### Requirement
An exact copy of all the data, minus the images, is required.

### Dataset content
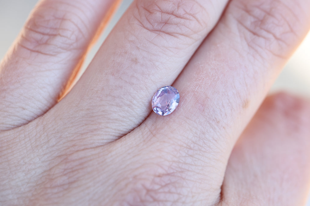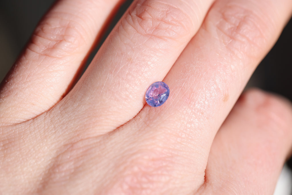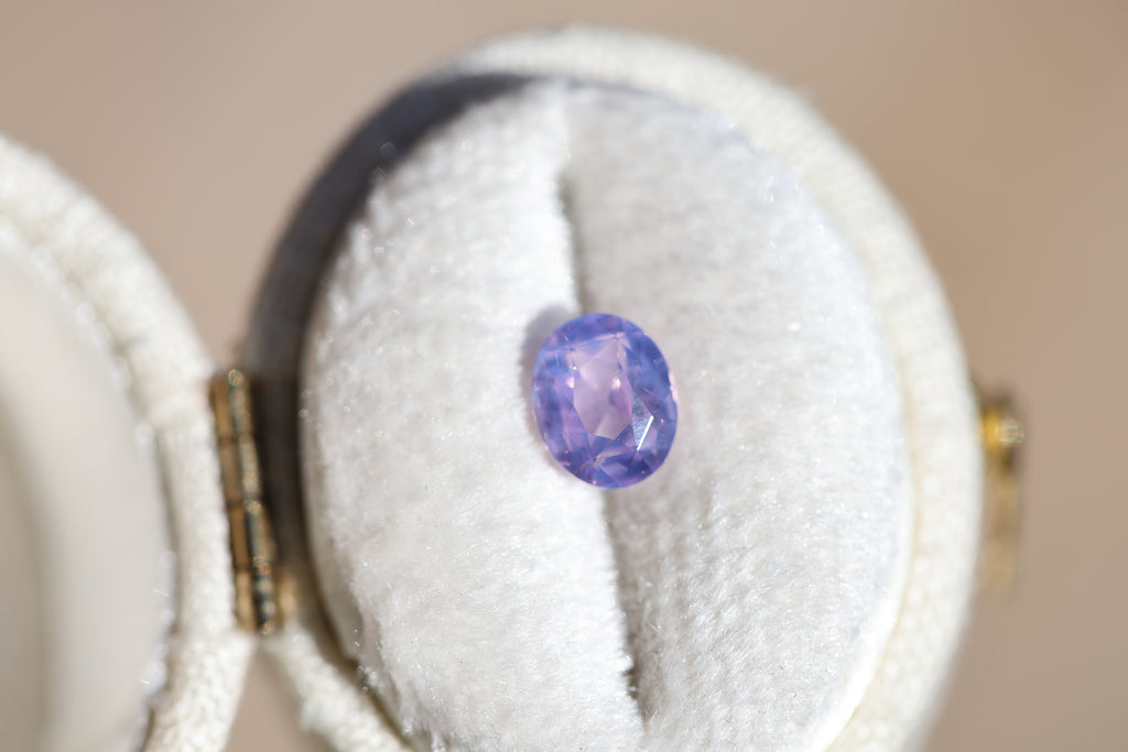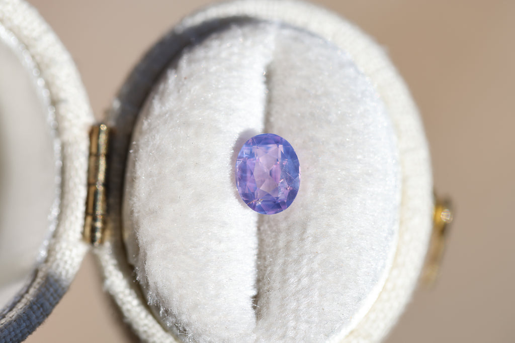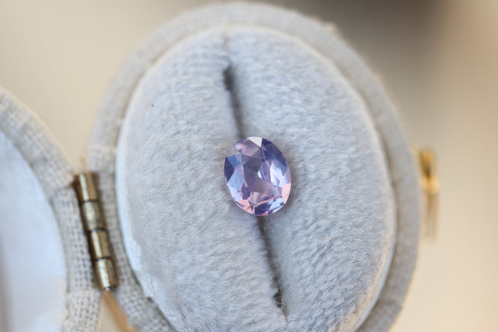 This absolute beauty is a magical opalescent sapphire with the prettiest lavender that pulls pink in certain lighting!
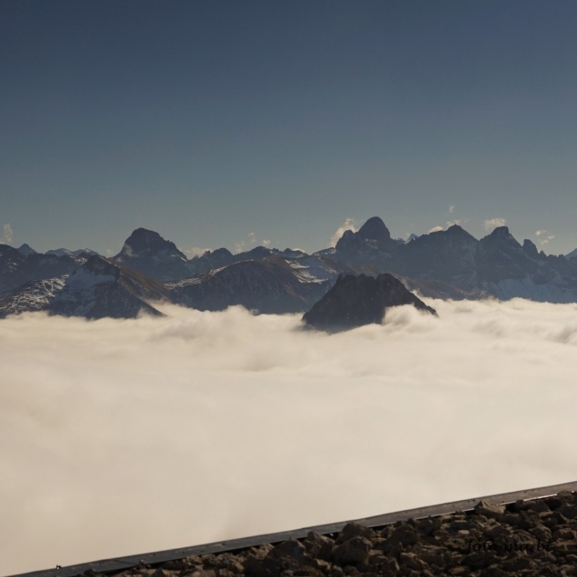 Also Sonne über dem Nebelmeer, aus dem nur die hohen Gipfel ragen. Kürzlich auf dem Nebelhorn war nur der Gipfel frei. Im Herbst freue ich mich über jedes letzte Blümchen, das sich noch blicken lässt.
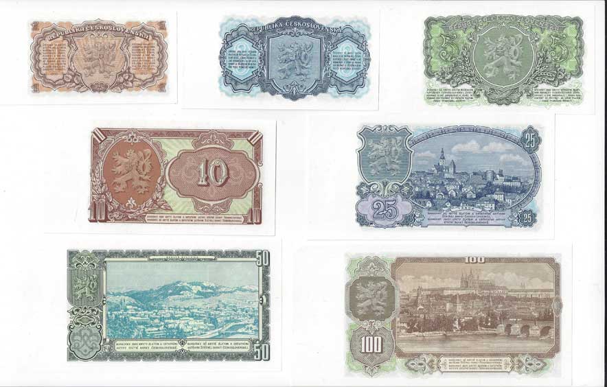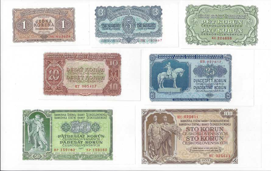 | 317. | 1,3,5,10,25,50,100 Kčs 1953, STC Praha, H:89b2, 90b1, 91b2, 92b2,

### Worked solution
 This absolute beauty is a magical opalescent sapphire with the prettiest lavender that pulls pink in certain lighting!
 Also Sonne über dem Nebelmeer, aus dem nur die hohen Gipfel ragen. Kürzlich auf dem Nebelhorn war nur der Gipfel frei. Im Herbst freue ich mich über jedes letzte Blümchen, das sich noch blicken lässt.
 | 317. | 1,3,5,10,25,50,100 Kčs 1953, STC Praha, H:89b2, 90b1, 91b2, 92b2,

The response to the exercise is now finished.